His paternal grandparents were Guy-André de Montmorency-Laval, Marquis of Lezay and Magnac, and Marie Anne de Turmenies de Nointel. His maternal grandparents were Anne Jacques de Bullion, Marquis of Fervaques, Lieutenant General of the King's Armies, and Marie Madeleine Hortense de Gigault de Bellefonds.

==Career==
Beginning in 1773, the Duke was affiliated with Freemasonry. He fought with the Americans during the American Revolutionary War, and was a founding member of the Society of the Cincinnati. He was made Maréchal de camp in 1789, he chose to emigrate during the French Revolution.
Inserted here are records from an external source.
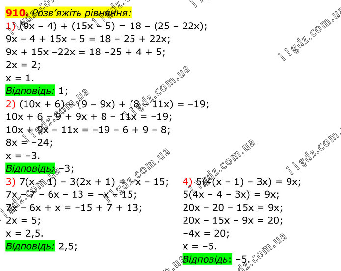 Розв’яжіть рівняння: 1) (9х – 4) + (15х – 5) = 18 – (25 – 22х); 9х – 4 + 15х – 5 = 18 – 25 + 22х; 9х + 15х –22х = 18 –25 + 4 + 5; 2х = 2; х = 1. Відповідь: 1; 2) (10х + 6) – (9 – 9х) + (8 – 11х) = –19; 10x + 6 – 9 + 9х + 8 – 11x = –19; 10x + 9х – 11x = –19 – 6 + 9 – 8; 8х = –24; х = –3. Відповідь: –3; 3) 7(х – 1) – 3(2x + 1) = –х – 15; 7х – 7 – 6х – 13 = –х – 15; 7х – 6х + х = –15 + 7 + 13; 2х = 5; х = 2,5. Відповідь: 2,5; 4) 5(4(х – 1) – Зх) = 9х; 5(4х – 4 – Зх) = 9х; 20х – 20 – 15х = 9х; 20х – 15х – 9х = 20; –4х = 20; х = –5. Відповідь: –5.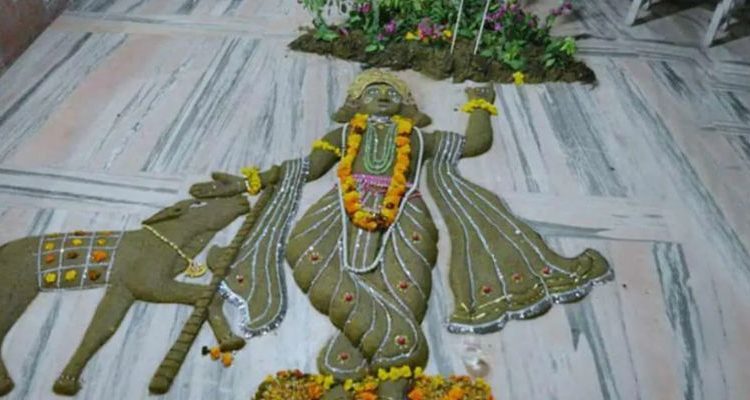 घर के मुख्य द्वार के सामने गाय के गोबर से गोवर्धन पर्वत की आकृति बनाएं। इसके चारों ओर ग्वालों, पशुओं, पेड़ों और पौधों की आकृति बनाना भी शुभ माना जाता है। इसके बीच में भगवान श्रीकृष्ण की मूर्ति या तस्वीर रखें।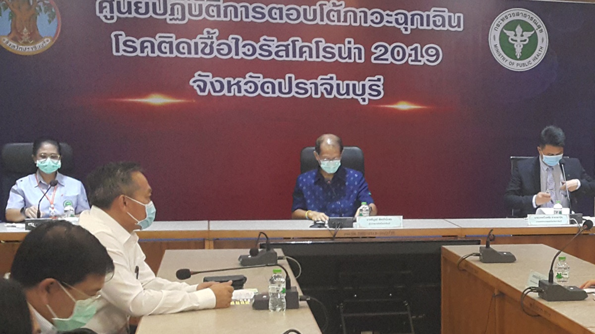 วันที่ 3 เม.ย. ที่ศูนย์ปฏิบัติการตอบโต้ภาวะฉุกเฉินโรคติดเชื้อไวรัสโคโรน่า 2019 ศาลากลางจังหวัดปราจีนบุรี นายพิบูลย หัตถกิจโกศล ผวจ.ปราจีนบุรี พร้อมด้วย นพ.โชคชัย สาครพานิช นายแพทย์สาธารณสุข จ.ปราจีนบุรี และ พญ.โศรยา ธรรมรักษ์ ผอ.รพ.เจ้าพระยาอภัยภูเบศร ร่วมแถลงสถานการณ์โรคติดเชื้อไวรัสโคโรน่า 2019 ( COVID-19)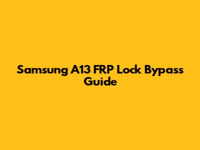 Samsung A13 FRP Lock Bypass Guide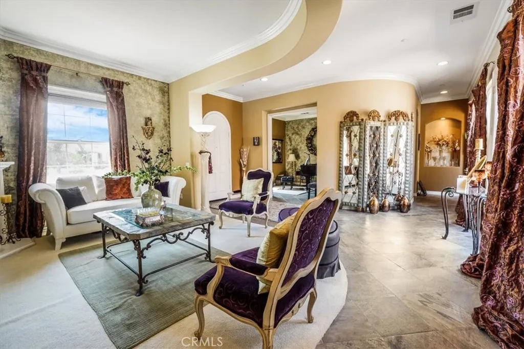 Step inside to 4,404 sq. ft. of refined design featuring 5 bedrooms, 5 bathrooms, a 5-car garage, and a private guest casita. The dramatic entry with 10-ft tray ceilings sets the tone for the formal living room, parlor, and dining room—complete with a custom wine closet for sophisticated entertaining.

During the Bourbon Restoration, he was made a "Life Peer" on 4 June 1814 and rose to the rank of Lieutenant-General on 8 June 1814. He voted for death at the trial of Marshal Michel Ney.
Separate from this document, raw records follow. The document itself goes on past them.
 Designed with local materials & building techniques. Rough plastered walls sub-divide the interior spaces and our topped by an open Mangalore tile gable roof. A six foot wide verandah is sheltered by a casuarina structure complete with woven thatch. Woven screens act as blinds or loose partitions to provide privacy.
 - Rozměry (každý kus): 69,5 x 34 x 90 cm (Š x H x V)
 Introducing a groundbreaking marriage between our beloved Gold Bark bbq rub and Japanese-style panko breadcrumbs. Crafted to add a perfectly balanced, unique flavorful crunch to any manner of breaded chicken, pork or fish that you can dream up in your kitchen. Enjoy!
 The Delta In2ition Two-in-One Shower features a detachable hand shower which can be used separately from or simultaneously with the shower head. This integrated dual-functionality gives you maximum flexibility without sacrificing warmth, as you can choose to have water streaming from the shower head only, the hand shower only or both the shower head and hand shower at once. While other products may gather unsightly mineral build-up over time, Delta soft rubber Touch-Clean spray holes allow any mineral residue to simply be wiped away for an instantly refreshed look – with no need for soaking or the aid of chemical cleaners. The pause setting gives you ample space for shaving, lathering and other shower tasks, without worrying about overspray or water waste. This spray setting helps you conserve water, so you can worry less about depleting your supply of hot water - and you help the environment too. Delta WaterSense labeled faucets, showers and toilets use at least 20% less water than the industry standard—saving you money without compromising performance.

He was made a Commander of the Order of Saint-Louis.

==Personal life==
In 1764, he married Marie Louise Mauricette de Montmorency-Luxembourg, daughter of Count Joseph Maurice Annibal de Montmorency-Luxembourg. Together, they were the parents of:

- Guy Marie Anne Louis de Montmorency-Laval, Marquis of Laval (1767–1786), who married Pauline Renée Sophie de Voyer de Paulmy d'Argenson.
- Anne-Adrien-Pierre de Montmorency-Laval, 1st Duke of San Fernando Luis, 3rd Duke of Laval (1768–1837), King Charles X's Ambassador of France to the United Kingdom from 1828 to 1830; he married Bonne Charlotte Renée Adélaïde de Montmorency-Luxembourg.
- Achille Jean Louis de Montmorency-Laval, Count of Laval (1772–1793), a minority Knight of Malta who died, unmarried, of a wound he received in the defense of Bundenthal, in the service of Army of Condé.
- Eugène-Alexandre de Montmorency-Laval, 4th Duke of Laval (1773–1851), who married Maximilienne Augustine de Béthune-Sully. After her death in 1833, he married Françoise Xavière Nicole Constance de Maistre.

The Duke died in Paris on 30 March 1817 and was buried in the Père Lachaise Cemetery. Upon his death, the peerage attached to the title of Duke of Laval was made hereditary.